KEY POINTS:
Fisher & Paykel Healthcare is hopeful a widely anticipated fall in the New Zealand dollar will boost its fortunes.
The medical equipment maker yesterday reported a 30 per cent drop in net profit for the year ended March, despite strong growth in its key US market.
It posted a record operating revenue of $357.9 million on the strength of increased demand and an expansion in international markets. But the company - which derived 58 per cent of its revenue in US dollars for the 2008 financial year - saw after-tax profit take a dive from $50.5 million to $35.3 million, primarily as a result of the weaker US dollar and strong kiwi.
Chief executive Michael Daniell expects strong revenue growth to continue for the 2009 financial year, although profit was contingent on the NZ-US dollar exchange rate.
Operating revenue was expected to grow by around 15 per cent in US dollar terms to approximately US$310 million. At an average NZ dollar exchange rate of US80c, that would keep operating revenue and profit similar to this financial year.
But if that were to fall to an average of US75c, operating revenue would be around $415 million, with a 20 per cent boost in operating profit, the company said. The kiwi yesterday closed at US77.47c, having fallen from above US82c in mid-March.
Many have been tipping decline in the New Zealand dollar. Deutsche Bank is expecting it to average US74c this year. Goldman Sachs JBWere, meanwhile, expects quite significant weakness over the next 12 months, especially if New Zealand interest rates start to come down, as is expected. An analyst, who preferred not to be named, said Fisher & Paykel Healthcare's guidance for 2009 was relatively light, probably reflecting a cautiousness on management's part.
"This is a company that has had to downgrade guidance in recent years - they probably would like to avoid that happening again, so we suspect there's a level of conservatism in this guidance which is higher than it perhaps was last year.
"Operationally it sounds like things are going well, although currency remains an issue."
Daniell said the new financial year has already started strongly, with robust sales and another significant bulk contract for US hospitals secured by its American distribution partner, Cardinal Health.

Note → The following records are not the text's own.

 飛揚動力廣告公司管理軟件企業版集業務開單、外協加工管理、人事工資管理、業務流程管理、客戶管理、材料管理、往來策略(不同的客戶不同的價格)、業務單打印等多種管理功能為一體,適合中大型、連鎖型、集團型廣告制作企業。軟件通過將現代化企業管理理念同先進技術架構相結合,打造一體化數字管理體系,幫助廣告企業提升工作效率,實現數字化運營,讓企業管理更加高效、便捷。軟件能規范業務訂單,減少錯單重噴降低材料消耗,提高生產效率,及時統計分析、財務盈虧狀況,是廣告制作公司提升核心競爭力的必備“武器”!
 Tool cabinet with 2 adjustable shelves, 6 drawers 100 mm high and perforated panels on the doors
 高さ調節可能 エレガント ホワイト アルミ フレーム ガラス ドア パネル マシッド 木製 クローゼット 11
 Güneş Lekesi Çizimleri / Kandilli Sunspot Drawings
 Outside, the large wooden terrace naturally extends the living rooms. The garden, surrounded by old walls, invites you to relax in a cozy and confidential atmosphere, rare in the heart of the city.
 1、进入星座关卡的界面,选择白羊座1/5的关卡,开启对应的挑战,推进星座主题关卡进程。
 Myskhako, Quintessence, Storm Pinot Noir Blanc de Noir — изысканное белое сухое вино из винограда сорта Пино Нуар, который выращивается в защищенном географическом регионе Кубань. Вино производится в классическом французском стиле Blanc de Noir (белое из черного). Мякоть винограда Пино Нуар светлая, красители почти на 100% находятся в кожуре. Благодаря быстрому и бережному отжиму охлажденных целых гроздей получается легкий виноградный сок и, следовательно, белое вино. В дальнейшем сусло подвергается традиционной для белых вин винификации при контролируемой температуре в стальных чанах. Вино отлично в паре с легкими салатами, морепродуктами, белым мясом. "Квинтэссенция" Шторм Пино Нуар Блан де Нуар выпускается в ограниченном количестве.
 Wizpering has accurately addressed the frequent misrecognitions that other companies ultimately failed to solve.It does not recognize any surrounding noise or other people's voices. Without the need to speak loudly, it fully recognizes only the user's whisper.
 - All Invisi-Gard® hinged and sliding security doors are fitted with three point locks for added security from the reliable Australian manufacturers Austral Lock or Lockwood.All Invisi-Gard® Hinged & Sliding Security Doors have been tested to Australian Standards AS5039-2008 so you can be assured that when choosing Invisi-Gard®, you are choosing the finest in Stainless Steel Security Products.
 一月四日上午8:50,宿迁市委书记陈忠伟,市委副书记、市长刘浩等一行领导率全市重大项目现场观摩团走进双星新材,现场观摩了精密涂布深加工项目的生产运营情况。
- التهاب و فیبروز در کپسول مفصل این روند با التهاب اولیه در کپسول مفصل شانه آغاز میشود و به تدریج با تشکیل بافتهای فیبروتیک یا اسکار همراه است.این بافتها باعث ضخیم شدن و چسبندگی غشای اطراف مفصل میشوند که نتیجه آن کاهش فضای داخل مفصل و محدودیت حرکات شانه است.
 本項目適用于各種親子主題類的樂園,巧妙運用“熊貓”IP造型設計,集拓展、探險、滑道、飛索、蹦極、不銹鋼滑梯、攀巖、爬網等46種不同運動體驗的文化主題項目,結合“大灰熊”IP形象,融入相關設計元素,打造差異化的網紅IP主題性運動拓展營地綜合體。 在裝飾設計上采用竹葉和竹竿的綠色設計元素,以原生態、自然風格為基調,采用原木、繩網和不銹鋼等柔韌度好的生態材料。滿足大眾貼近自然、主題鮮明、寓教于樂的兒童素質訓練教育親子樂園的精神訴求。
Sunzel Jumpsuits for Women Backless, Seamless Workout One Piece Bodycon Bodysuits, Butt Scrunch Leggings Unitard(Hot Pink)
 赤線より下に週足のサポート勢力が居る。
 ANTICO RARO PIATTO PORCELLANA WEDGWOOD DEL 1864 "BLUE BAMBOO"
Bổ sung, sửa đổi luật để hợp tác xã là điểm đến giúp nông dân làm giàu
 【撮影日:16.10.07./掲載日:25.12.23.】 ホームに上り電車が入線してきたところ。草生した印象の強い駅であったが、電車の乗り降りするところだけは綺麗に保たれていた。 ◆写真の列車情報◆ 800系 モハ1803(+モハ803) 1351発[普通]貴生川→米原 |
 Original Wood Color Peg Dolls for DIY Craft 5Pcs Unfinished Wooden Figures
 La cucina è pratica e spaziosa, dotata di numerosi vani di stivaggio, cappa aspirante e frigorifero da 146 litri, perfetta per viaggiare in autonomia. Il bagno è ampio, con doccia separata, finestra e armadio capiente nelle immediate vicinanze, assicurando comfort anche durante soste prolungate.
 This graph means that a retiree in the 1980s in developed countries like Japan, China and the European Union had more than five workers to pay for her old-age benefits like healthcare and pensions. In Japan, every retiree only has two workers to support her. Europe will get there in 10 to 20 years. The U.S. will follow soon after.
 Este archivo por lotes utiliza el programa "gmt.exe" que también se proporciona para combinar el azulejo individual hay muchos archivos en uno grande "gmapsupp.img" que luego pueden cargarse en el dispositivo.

F&P Healthcare shares closed down 2c at $2.74.
NOT AS HEALTHY
Year to March 31
F&P Healthcare
Operating revenue
2008 - $357.9m
2007 - $347.5m
Ebit
2008 - $58.1m
2007 - $79.6m
Net profit
2008 - $35.3m
2007 - $50.5m
Final dividend
2008 - 7cps
2007 - 7cps
SITE IN MEXICO LIKELY OPTION
A factory in Mexico is looking more likely for Fisher & Paykel Healthcare as it looks to expand its manufacturing operations overseas.
The company had signalled at its last annual meeting that it was eyeing overseas sites to complement its East Tamaki headquarters, which covers more than 51,000sq m and employs about 1500 people, but was expected to reach capacity in about two years.
Chief executive Michael Daniell said the company had been gathering data on manufacturing in places like China, Thailand and Mexico.
"Mexico probably is ahead at present - although we haven't made a decision - because it's very close to our largest market, the United States and Canada. It makes sense from a transportation and lead time point of view to be close to a large market."
North America makes up 46 per cent of the market for the company's products, well ahead of Europe (32 per cent) and the Asia Pacific and other markets, which make up 22 per cent.
Daniell said the company had been having difficulty finding enough staff in New Zealand to satisfy the growing business' needs.
Expanding overseas would mitigate the risk of a natural disaster affecting operations and there were also opportunities for cost savings.
"The thinking is to be primarily putting growth and expansion there and therefore having a relatively small effect in New Zealand," he said.